More than anything else, that was the reason he kept Vestapalk’s new tribe away from their master except for when they’d moved his unconscious body into the cave. How would the others react if the glowing red stuff revealed itself again? Dragons had no flaws. They were perfect beings.

And here were Tiktag’s fears come to pass.

The red taint wasn’t the only change, Tiktag realized as he stared. Vestapalk had grown thin, as if fever had eaten away at his body. His torso and limbs were thin, skin shrunk tight to corded muscles. His belly was wasting away in the manner of a starving animal. Even his tail seemed narrower. Yet somehow the dragon had still grown. He had been big before, but now he was even larger. If he reared back, his head might brush the roof of the cave. He had been majestic. Now he was awe-inspiring. And more than a little frightening.

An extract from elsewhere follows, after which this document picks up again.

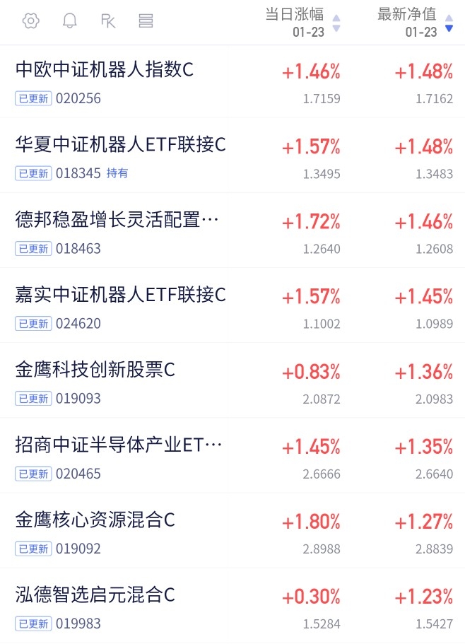 $中欧中证机器人指数发起C$ 1.48%表现也不错下波主角预定了
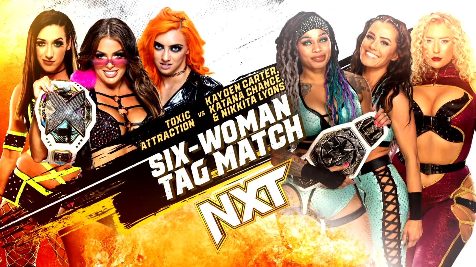 * Toxic Attraction (Gigi Dolin, Jacy Jayne, NXT Women’s Champion Mandy Rose) vs. Nikkita Lyons and NXT Women’s Tag Team Champions Katana Chance and Kayden Carter

Vestapalk still had not noticed him. Tiktag swallowed and stepped forward. He could feel the heat that rolled off him. The fever hadn’t passed yet, not entirely. “Master,” he said.

There was no reaction. Vestapalk continued staring at himself, running talons along limbs that had healed while he slept and over belly scales marked only by a dark line where the deepest wound had been. For the first time, Tiktag noticed strange blisters bigger than his fist forming along the joints of Vestapalk’s limbs. He swallowed and called again. “Master!”